对于内置的资源类型(译注:如pod),也支持protobuf编码。由于proto不是自描述的,因此有一个信封包装器来描述内容的类型。

所有日期都应序列化为RFC3339字符串。

Units

单位必须在字段名称中明确显示(例如timeoutSeconds),或者必须指定为值的一部分(例如resource.Quantity)(译注:apimachinery中的类型)。哪种方法更受欢迎待定,尽管目前我们使用fooSeconds约定表示持续时间(durations)。

Duration字段必须定义为integer类型,并且字段名中有单位说明(如leaseDurationSeconds)。我们没有在API中使用Duration是因为这可能需要客户端实现go兼容的字符串解析。

Selecting Fields

一些API可能需要识别JSON对象中哪个字段无效,或其他用途。当前推荐方式是使用标准的javaScript语法访问字段,假定这个JSON对象被转换成了javaScript对象,没有前缀的点,如metadata.name

示例:

  • 在一个“fields”数组中的第二个元素的“state”对象中找到“current”字段:fields[1].state.current

Object reference

命名空间类型(namespaced type)上的对象引用通常应该只引用同一命名空间中的对象。 由于命名空间是一个安全边界,跨命名空间引用可能会产生意想不到的影响,包括:

  • 将有关一个命名空间的信息泄漏到另一个命名空间。在原始资源对象中放置有关被引用对象的状态消息甚至是一些内容是很自然的。这是跨命名空间的问题。
  • 对其他命名空间的潜在入侵。引用通常可以访问一条被引用的信息,因此能够跨命名空间表达“给我那个”是危险的,而不需要额外的工作来进行权限检查或从两个涉及的命名空间中选择加入。
  • 一方无法解决的参照完整性问题。从namespace/A引用namespace/B并不意味着可以控制另一个命名空间。这意味着您可以引用无法创建或更新的事物。
  • 删除时语义不明确。如果命名空间资源被其他命名空间引用,则删除引用的资源是否会导致删除,或者是否应该强制保留引用的资源。
  • 创建时的语义不明确。如果引用的资源是在其引用之后创建的,则无法知道它是预期的资源还是使用相同名称创建的不同资源。

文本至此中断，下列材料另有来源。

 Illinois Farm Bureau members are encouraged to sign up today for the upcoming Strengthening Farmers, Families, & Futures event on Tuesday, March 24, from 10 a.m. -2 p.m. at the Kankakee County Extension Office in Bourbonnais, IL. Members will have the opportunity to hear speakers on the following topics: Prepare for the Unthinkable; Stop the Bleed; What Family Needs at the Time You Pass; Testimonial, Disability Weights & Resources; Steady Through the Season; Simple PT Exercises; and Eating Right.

内置类型和ownerReferences不支持跨命名空间引用。如果非内置类型选择跨命名空间引用,则应清楚地描述上述边缘情况的语义,并应解决权限问题。这可以通过双重选择(来自推荐人和被推荐人的选择)或在准入时执行的辅助权限检查来完成。

Naming of the reference field

引用字段的名称应采用“{field}Ref”格式,后缀中始终包含“Ref”。

“{field}”部分应该表明引用的目的。例如,“targetRef”表明该引用的是target。

可以让“{field}”组件指示资源类型。例如,引用密钥时的“secretRef”。但是,如果该字段被扩展为引用多个类型,则存在该字段被误称的风险。

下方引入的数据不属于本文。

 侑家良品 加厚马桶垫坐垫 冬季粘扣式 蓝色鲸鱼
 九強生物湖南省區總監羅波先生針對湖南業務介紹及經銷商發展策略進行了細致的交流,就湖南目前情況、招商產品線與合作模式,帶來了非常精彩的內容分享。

在引用对象列表的场景下,该字段应采用“{field}Refs”格式,同时遵循上面单个引用的情况的指导。

Referencing resources with multiple versions

大多数资源都具有多个版本。例如,核心(core)资源会经历alpha逐渐变化到GA版本。

控制器应假定资源的版本会变化,并做出恰当的错误处理。

Handling of resources that do not exist

在很多场景下会出现期望的资源不存在,例如:

  • 资源的目标版本不存在
  • 在集群启动过程中资源还未被加载
  • 用户错误

控制器的编写应假定所引用的资源可能不存在,并包括错误处理以使用户清楚地了解问题。

Validation of fields

对象应用中的使用的很多值都用做API路径(译注:url path)的一部分。例如,在路径中使用对象名称来标识对象。未经清理,这些值可用于尝试检索其他资源,例如通过使用具有语义含义的值,例如..或/。

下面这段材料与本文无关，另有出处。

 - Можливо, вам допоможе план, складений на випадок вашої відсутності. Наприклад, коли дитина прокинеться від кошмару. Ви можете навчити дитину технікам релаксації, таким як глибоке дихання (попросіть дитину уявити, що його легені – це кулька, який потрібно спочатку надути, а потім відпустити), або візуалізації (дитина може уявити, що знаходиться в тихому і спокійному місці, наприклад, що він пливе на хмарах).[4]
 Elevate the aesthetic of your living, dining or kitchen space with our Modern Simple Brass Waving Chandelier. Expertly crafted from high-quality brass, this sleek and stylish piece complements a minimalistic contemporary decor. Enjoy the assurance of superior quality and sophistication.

在将字段用作API请求中的路径段之前让控制器验证字段,并发出一个事件来告诉用户验证失败。

有关合法对象名称的更多信息,请参阅对象名称和ID

Do not modify the referrd object

为了最大限度地减少潜在的权限提升,不要修改被引用的对象,或者限制对同一命名空间中的对象的修改并限制允许的修改类型(例如,HorizontalPodAutoscaler控制器仅写入/scale子资源)。

Minimize copying or printing values to the referrer objecgt

由于控制器的权限可能与控制器正在管理的对象的作者的权限不同,因此对象的作者可能没有查看引用对象的权限。因此,将有关被引用对象的任何值复制到引用对象可以被视为权限升级,使用户能够读取他们以前无法访问的值。

相同的场景适用于将有关被引用对象的信息写入事件。

通常,不要将从引用对象检索到的信息写入或打印到规范、其他对象或日志中。

必要时,考虑这些值是否是引用者对象的作者可以通过其他方式访问的值(例如,正确填充对象引用已经需要)。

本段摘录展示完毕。